Day 14 - Chocolate Charts
Again this involves building a list of values and continually adding values and reading values from the list. I did succeed in implementing Part 1 without using any non-core feature just using an iterative macro. Part 2 needed the Abacus VarList functionality again. It required running 32,000,000 tests in my case to find the final result. This wasn't practical with the iterative macro approach.
Day 16 - Chronal Classification
Runtime: 2.3s, 42 tools and iterative macro
This was a lot of fun to build. For part 1, I kept it simple and built each expression as its own formula tool. It was a fun challenge and produced a nice looking workflow.
For part 2, I again used a hierarchy walker style iterative macro to identify each number with its command. Then a long switch statement to actually perform the calculation. I did think it would be a lot of fun to build a dynamic formula and then run it dynamically but that seemed overkill. In terms of holding the state of the registers, this time I chose to use a delimited string list and then used a regular expression to read and write the values. Creating the expression was a little fiddly and I ended up using VS Code to help me write the actual formula.

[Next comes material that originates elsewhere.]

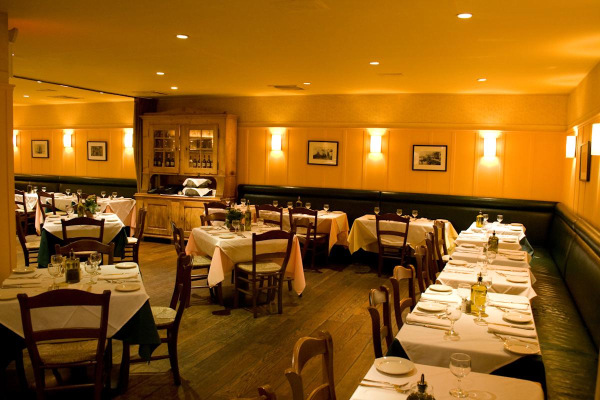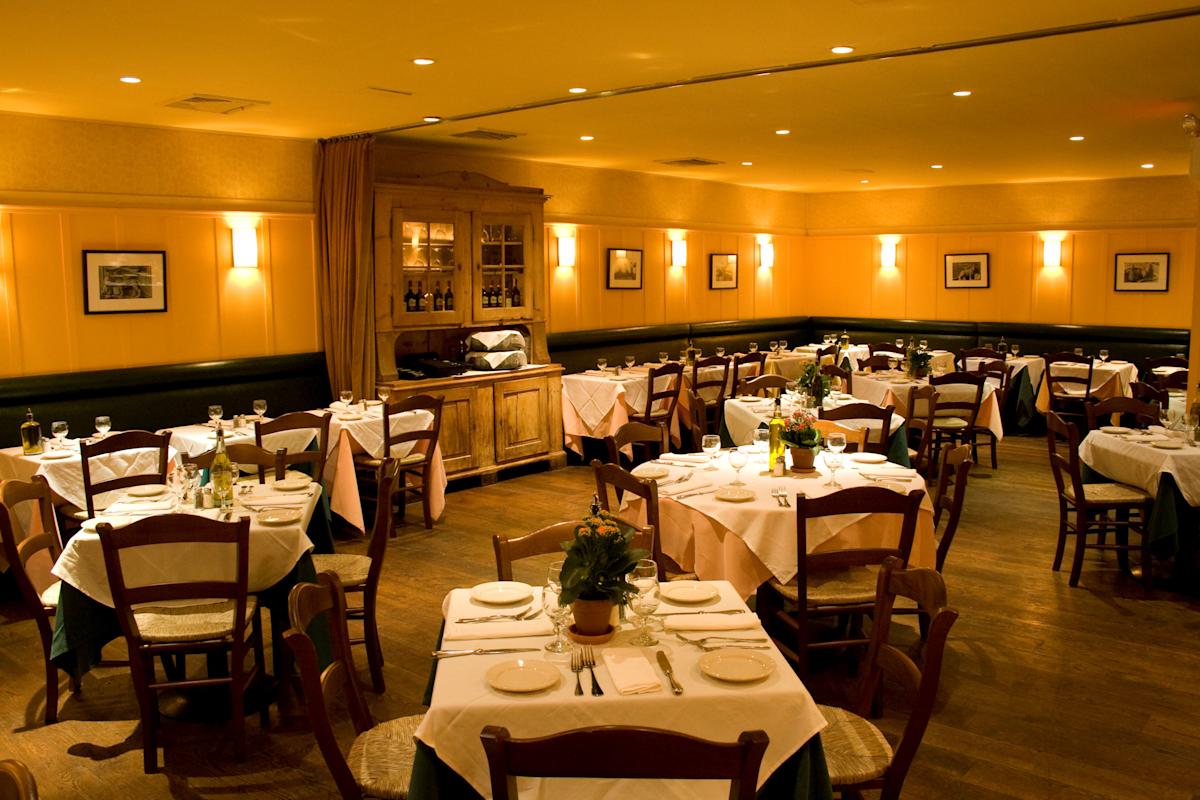 A white-tablecloth find near Grand Central Terminal, Osteria Laguna turns on the Northern Italian charm with soaring ceilings painted in Venetian yellow, sculpted iron chandeliers and rustic wooden chairs. Most dishes begin with tomato- and mozzarella-based recipes typical of trattorias, with an emphasis on traditional Venetian ingredients. Grilled fish, lamb, veal and beef are available, and home-style pasta dishes are made with semolina-flour pasta. Risotti come in daring combinations, and pizzas focus on fresh ingredients.

Day 18 - Settlers of The North Pole
Runtime: 2.3s, 33 tools and iterative macro
Again build an XY grid again. The iterative macro performs the state changes as described in the question, with again a termination process based on the number of iterations. I chose to run it 600 times printing out the state on each line. Part 1 came out easily enough.
As with day 12 part 2, part 2 needed a look at the results in a Browse window and then to make a prediction. Unlike day 12 I did end up encoding that into the workflow.
Well, I hope this gives some insight into the processes I used to work through the Advent of Code. It was a lot of fun trying to see what was or wasn't possible within Alteryx. I'd like to work towards the dream goal of 50 stars but most of the remaining challenges will take significant investments of time.
Hope to see you Alteryx-ing the 2019 Advent of Code.